> REQUIRED ACTION
Of all the lines below, output only those starting at the one with "This Straight-Cut Cotton" and ending at the one with "Σχολή Β. Ευβοίας", both ends included, exactly as written.

> DATASET EXTRACT
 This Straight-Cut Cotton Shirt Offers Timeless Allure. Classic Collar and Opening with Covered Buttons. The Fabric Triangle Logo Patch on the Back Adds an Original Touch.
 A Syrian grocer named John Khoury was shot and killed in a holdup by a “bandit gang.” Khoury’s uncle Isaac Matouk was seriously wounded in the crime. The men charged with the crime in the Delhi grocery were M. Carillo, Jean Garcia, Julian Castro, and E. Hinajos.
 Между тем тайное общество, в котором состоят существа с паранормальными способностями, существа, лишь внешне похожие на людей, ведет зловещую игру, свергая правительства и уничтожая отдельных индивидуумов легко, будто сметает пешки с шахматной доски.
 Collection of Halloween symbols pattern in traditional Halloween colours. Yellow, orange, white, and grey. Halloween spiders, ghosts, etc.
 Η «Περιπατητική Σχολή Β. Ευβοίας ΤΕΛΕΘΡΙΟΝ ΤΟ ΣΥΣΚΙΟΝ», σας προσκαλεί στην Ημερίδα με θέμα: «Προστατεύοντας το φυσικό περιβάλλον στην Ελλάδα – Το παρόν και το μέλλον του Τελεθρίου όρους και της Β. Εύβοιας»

* * *

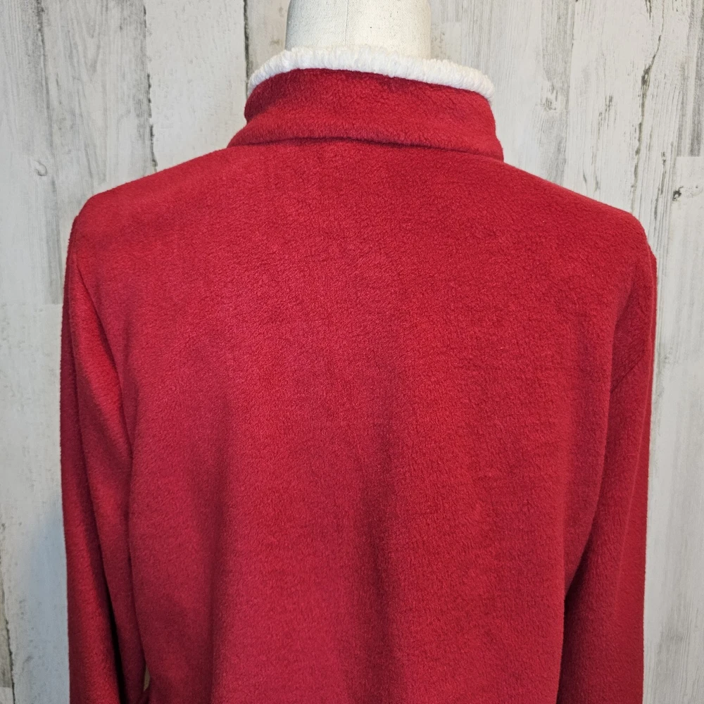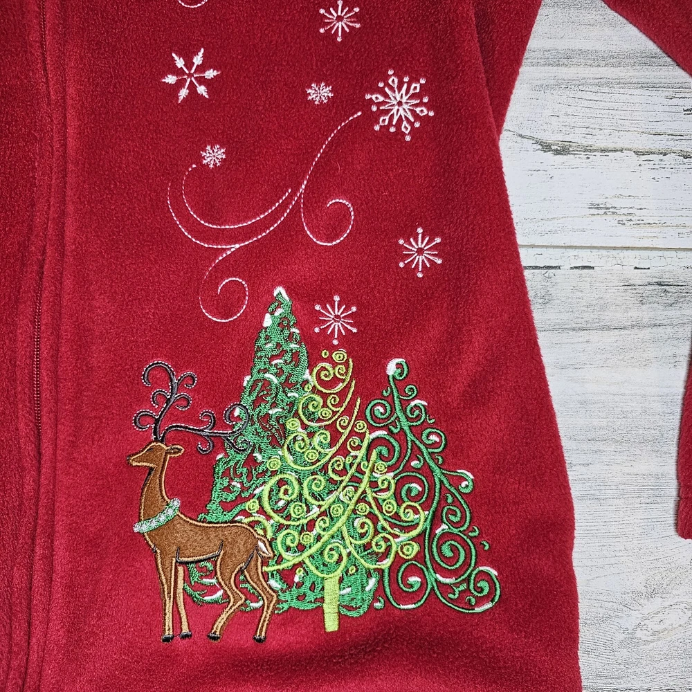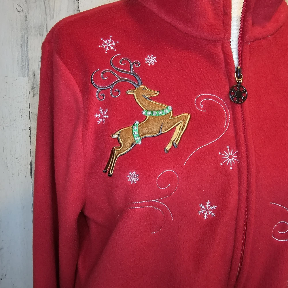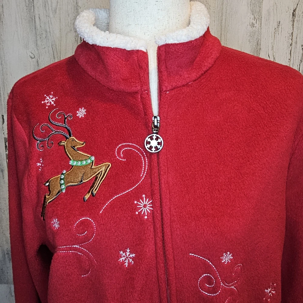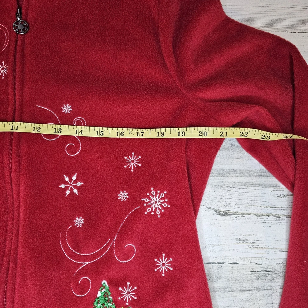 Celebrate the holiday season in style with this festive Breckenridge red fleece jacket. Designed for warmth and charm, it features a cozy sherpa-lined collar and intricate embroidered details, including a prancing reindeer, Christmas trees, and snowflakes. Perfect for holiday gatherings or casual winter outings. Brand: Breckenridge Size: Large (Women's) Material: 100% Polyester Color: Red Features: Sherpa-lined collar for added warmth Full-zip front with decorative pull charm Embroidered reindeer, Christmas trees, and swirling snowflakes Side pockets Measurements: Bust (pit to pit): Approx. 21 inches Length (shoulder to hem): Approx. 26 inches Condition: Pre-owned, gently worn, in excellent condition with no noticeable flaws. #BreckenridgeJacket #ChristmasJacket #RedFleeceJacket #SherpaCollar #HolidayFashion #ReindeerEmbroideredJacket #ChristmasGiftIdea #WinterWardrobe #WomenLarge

--

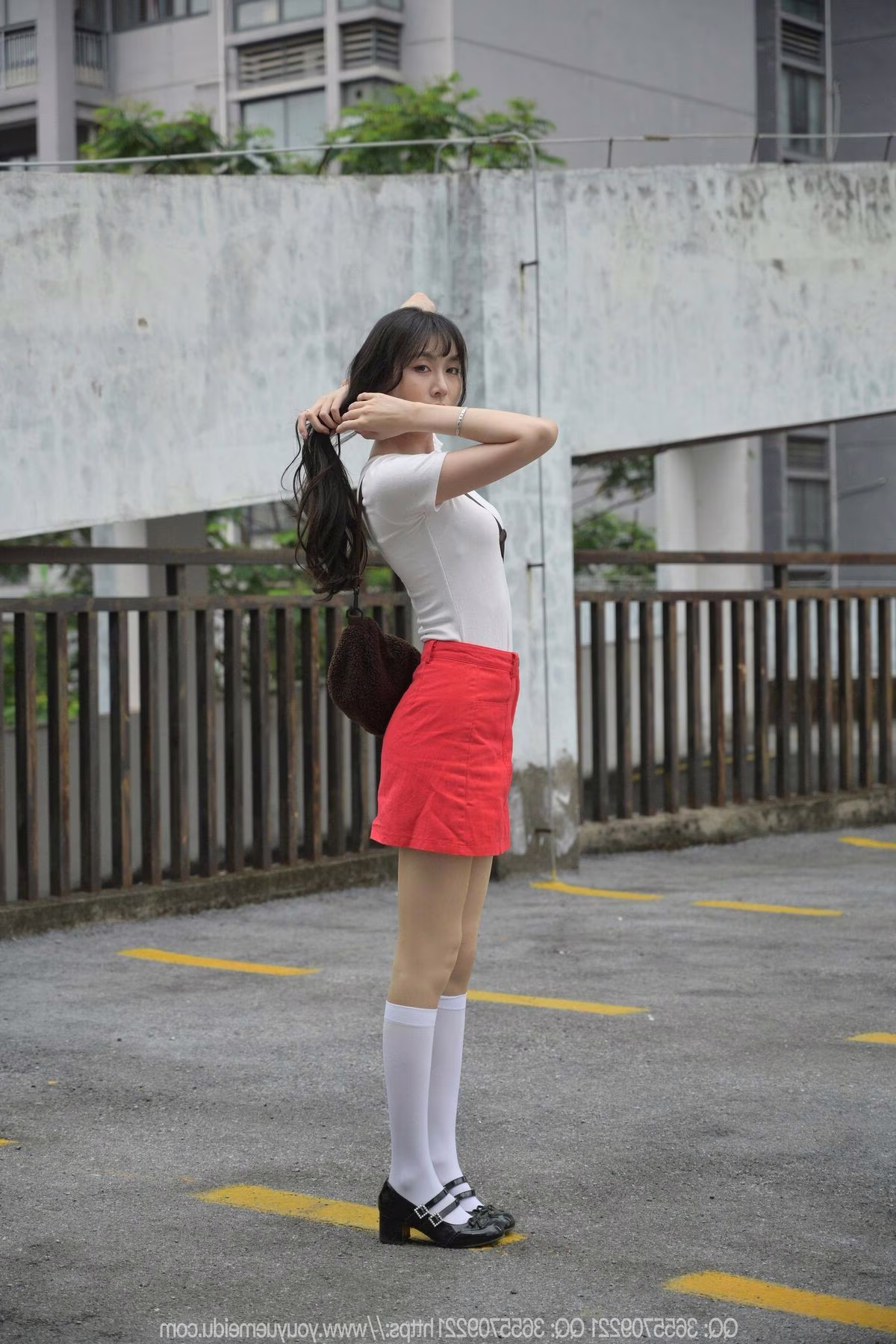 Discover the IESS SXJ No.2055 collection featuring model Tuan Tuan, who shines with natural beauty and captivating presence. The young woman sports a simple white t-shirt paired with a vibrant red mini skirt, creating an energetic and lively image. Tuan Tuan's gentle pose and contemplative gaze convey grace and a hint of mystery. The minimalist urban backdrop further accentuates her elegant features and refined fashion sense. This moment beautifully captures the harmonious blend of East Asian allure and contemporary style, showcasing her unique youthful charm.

> REPLY
 This Straight-Cut Cotton Shirt Offers Timeless Allure. Classic Collar and Opening with Covered Buttons. The Fabric Triangle Logo Patch on the Back Adds an Original Touch.
 A Syrian grocer named John Khoury was shot and killed in a holdup by a “bandit gang.” Khoury’s uncle Isaac Matouk was seriously wounded in the crime. The men charged with the crime in the Delhi grocery were M. Carillo, Jean Garcia, Julian Castro, and E. Hinajos.
 Между тем тайное общество, в котором состоят существа с паранормальными способностями, существа, лишь внешне похожие на людей, ведет зловещую игру, свергая правительства и уничтожая отдельных индивидуумов легко, будто сметает пешки с шахматной доски.
 Collection of Halloween symbols pattern in traditional Halloween colours. Yellow, orange, white, and grey. Halloween spiders, ghosts, etc.
 Η «Περιπατητική Σχολή Β. Ευβοίας ΤΕΛΕΘΡΙΟΝ ΤΟ ΣΥΣΚΙΟΝ», σας προσκαλεί στην Ημερίδα με θέμα: «Προστατεύοντας το φυσικό περιβάλλον στην Ελλάδα – Το παρόν και το μέλλον του Τελεθρίου όρους και της Β. Εύβοιας»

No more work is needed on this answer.